Understanding Backpropagation

I think it is useful to learn backpropagation outside the context of neural nets first until you gain the intuition. Once you have gained the intuition, the equations involved in backpropagating error through a neural net are much easier to understand.

Backpropagation is nothing more than the chain rule from calculus.

Chain Rule

For any nested function: f(g(x)) the derivative, f', is equal to the derivative of the “inner function”, g'(x), multiplied by the derivative of the “outer function” if the inner function were just a variable.

Consider the function:

f(x) = (2x + 3)^5

This function can really be thought of as two nested functions:

g(x) = 2x + 3

f(x) = x^5

So, according to the chain rule, to find f' we find the derivative of g(x):

g'(x) = 2

and multiply it by the derivative of the outer function if the inner function were just a variable:

f'(x) = 2 * 5(2x + 3)^4

Backpropagation with a simple function

Let’s define a function, L , that is a function of many variables:

L = ((a * b) + c) * f

Let’s define some intermediate variables that are the result of operations on the variables we just defined:

  • a * b = e
  • e * c = d

With these new intermediate variables we can rewrite L as:

L = (e + c) * f

L = d * f

We can now assign values to our variables and evaluate L. This is analogous to initializing the weights and biases of a neural net, and doing a forward pass:

  • a = 2
  • b = -3
  • c = 10
  • f = -2

L = ((2 * -3) + 10) * -2 = -8

Here is a visual representation of our expression graph:

As you can see by looking at this graph, L can be written in terms of d and f like this:

L = d * f

To find the derivative of L with respect to d and f we can treat the other variable like a constant and apply the constant rule:

\dfrac{\partial L}{\partial d} = f = -2

\dfrac{\partial L}{\partial f} = d = 4

Let’s fill those gradients in on our graph:

Now we want to find the gradients for e and c. Let’s start with c.

Taking a look at our expression graph we can see two important facts:

  • d = e + c
  • L = d * f

In other words, d is a function of c, and L is a function of d. These are nested functions. So, to find the derivatives we can apply the chain rule.

We computed the derivative of the “outer function” in the previous step.

\dfrac{\partial L}{\partial d}

We only need to calculate the derivative of the “inner function” and multiply it by \dfrac{\partial L}{\partial d}.

\dfrac{\partial L}{\partial c} = \dfrac{\partial d}{\partial c} *  \dfrac{\partial L}{\partial d}

\dfrac{\partial L}{\partial c} =  1 *-2 = -2

The gradient for d is propagating backward into our calculation of the gradients for c. This gradient for c will in turn, propagate backward into our calculation of the gradients for a and b.

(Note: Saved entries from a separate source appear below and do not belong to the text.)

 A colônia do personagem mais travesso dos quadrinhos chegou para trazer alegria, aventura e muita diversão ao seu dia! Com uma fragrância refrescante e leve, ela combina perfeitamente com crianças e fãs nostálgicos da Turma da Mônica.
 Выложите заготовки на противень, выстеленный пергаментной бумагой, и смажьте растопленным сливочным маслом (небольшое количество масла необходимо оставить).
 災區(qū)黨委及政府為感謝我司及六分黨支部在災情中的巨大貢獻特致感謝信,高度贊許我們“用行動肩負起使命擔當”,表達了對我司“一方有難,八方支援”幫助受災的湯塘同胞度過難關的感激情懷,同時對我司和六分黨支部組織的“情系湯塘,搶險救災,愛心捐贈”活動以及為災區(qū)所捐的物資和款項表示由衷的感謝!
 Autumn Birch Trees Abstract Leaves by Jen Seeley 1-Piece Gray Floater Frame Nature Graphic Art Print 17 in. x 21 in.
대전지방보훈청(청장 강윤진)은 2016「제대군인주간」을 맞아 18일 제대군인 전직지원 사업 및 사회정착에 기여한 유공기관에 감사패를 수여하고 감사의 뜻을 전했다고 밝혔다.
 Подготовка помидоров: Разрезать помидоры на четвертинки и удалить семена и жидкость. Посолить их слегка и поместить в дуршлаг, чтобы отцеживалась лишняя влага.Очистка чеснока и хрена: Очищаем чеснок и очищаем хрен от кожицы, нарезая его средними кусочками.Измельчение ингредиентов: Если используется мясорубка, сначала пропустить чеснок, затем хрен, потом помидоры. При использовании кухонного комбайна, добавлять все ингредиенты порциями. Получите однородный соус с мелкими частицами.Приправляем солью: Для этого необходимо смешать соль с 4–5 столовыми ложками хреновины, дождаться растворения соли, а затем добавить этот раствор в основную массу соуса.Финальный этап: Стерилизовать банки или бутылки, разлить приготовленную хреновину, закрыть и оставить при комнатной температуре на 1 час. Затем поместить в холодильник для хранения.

First we can find the gradient for e:

\dfrac{\partial L}{\partial e} = \dfrac{\partial d}{\partial e} * \dfrac{\partial L}{\partial d}

\dfrac{\partial L}{\partial e} = 1 *-2 = -2

Filling in those gradients on our expression graph:

Let’s finish this off and find the gradients for a and b. Taking another look at our graph:

  • e = a * b
  • L = e + c * f

These are nested functions and we can find their gradients using the chain rule. The “outer function” this time is \dfrac{\partial L}{\partial e}. We will just need to find the local derivatives and multiply them together:

\dfrac{\partial L}{\partial a} = \dfrac{\partial e}{\partial a} * \dfrac{\partial L}{\partial e}

\dfrac{\partial L}{\partial a} =  -3 *-2 = 6

\dfrac{\partial L}{\partial b} = \dfrac{\partial e}{\partial b} * \dfrac{\partial L}{\partial e}

\dfrac{\partial L}{\partial b} =  2 *-2 = -4

Here’s the final expression graph:

We just found all of the gradients in this expression graph using backpropagation. In case it was not obvious, I called this function L because this is exactly what we will do for our loss function. It will be a more complicated function, but the calculations are very similar and they are all derived from the chain rule.

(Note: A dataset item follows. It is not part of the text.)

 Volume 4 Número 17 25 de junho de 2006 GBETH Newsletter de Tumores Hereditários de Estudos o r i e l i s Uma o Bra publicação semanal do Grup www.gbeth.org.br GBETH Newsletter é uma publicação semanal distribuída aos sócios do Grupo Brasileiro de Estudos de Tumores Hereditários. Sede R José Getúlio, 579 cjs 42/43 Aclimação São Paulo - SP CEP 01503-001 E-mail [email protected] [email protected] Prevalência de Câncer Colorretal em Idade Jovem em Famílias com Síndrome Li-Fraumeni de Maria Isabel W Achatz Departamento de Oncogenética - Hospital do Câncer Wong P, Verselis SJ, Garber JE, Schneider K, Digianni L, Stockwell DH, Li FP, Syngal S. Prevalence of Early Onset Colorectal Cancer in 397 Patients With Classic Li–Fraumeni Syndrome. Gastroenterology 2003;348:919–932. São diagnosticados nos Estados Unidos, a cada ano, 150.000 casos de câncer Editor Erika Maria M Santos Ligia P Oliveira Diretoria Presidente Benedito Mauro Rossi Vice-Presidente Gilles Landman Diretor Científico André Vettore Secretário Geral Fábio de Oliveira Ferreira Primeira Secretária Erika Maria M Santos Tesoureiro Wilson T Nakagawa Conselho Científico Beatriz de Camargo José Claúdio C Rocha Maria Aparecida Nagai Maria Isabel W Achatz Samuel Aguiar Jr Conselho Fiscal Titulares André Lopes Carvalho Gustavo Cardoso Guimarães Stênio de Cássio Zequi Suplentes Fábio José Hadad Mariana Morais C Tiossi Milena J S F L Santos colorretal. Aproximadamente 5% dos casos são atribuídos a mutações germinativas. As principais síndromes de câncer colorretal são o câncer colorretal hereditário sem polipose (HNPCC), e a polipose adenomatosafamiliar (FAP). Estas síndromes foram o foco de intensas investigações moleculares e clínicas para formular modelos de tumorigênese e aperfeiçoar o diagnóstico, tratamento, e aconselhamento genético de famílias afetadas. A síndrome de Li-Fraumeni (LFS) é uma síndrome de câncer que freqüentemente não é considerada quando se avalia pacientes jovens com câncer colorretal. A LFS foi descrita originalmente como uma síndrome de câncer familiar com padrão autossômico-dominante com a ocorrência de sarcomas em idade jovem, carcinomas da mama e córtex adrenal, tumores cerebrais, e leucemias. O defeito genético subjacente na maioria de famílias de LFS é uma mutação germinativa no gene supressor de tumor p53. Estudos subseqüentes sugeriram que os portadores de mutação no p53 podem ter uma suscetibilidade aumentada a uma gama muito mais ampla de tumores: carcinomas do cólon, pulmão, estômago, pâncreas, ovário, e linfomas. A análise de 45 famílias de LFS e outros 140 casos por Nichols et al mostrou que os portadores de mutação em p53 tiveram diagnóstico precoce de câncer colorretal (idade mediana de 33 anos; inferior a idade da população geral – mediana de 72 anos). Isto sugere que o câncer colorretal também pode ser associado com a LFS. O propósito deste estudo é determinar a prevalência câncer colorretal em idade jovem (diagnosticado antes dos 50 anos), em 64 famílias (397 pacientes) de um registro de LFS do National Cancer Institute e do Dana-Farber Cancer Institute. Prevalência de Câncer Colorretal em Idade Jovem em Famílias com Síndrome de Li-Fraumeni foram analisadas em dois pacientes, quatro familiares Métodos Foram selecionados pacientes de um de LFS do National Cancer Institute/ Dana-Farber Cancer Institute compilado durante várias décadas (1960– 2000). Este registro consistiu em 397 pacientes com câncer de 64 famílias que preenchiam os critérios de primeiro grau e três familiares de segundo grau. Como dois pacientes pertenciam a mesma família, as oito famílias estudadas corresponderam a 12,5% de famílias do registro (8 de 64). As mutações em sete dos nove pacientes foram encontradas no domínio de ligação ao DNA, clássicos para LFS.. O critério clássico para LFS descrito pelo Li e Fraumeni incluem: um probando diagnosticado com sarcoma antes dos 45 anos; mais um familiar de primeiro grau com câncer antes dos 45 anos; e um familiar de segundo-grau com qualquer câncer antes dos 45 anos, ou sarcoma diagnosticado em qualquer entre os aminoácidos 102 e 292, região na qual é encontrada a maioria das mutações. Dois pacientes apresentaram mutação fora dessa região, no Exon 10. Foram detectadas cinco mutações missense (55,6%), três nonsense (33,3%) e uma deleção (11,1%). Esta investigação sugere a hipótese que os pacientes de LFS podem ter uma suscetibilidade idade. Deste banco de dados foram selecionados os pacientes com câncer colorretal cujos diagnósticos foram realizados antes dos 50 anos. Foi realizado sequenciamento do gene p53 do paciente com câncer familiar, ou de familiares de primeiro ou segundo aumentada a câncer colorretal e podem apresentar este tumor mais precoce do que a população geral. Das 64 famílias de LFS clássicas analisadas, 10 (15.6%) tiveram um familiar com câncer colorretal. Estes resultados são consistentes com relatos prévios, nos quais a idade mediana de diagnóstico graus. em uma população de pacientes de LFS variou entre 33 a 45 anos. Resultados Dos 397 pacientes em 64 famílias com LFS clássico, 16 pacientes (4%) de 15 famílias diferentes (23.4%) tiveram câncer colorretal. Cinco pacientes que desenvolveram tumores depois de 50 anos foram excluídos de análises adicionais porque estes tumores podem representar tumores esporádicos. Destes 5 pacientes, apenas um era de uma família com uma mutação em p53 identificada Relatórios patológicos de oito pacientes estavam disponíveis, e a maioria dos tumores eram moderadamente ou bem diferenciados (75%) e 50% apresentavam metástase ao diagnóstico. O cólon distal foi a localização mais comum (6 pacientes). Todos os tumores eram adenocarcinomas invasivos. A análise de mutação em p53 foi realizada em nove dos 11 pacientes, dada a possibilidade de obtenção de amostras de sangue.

The Four Fundamental Equations of Backpropagation

To make things easy for the initial explanation I will pretend that our neural net has only 3 neurons: 1 input, 1 hidden layer neuron, and 1 output neuron.

I think it is easier to understand how the equations are derived in the context of a simple net like this. Once you understand that, the only difference between it and a more complicated net is using vectors and matrices to group things together. The equations are essentially the same.

The First Fundamental Equation of Backpropagation

The real implementation of backpropagation I will show works on a layer by layer basis, but this is just for efficiency. In the toy example above we broke up each operation into its simplest possible expression. In either case, the gradients you get will be the same. It does not matter how fine-grained you choose to break your nested functions down.

For each layer we will be calculating a value called the error, denoted by the Greek symbol \delta. The error is the partial derivative of the loss with respect to the weighted sum of the neuron:

\delta = \dfrac{\partial L}{\partial z}

First, we must calculate the error of the output layer.

The loss function is a function of the output. Let’s call the output, o:

L(o)

The output is a function of the weighted sum. It is the weighted sum after activation:

o = \sigma(z)

I hope this is starting to look familiar at this point. This is another nested function:

L(\sigma(z))

We can apply the chain rule to find the gradient of z:

\dfrac{\partial L}{\partial z} = \dfrac{\partial o}{\partial z} *  \dfrac{\partial L}{\partial o}

In the case of the quadratic loss function we are using, the derivative of the loss function with respect to the output is:

\dfrac{\partial L}{\partial o} = o - l

Where l is the label. If you were using a different loss function, your derivative would be different.

To find the derivative of the “inner function” we really just pass the weighted sum into the derivative of the activation function:

\dfrac{\partial o}{\partial z} = \sigma'(z)

Putting these two together yields our first fundamental equation:

\delta_{output}= o - l * \sigma'(z)

The Second Fundamental Equation of Backpropagation

Now we need some way of using this error to find the error in the previous layers.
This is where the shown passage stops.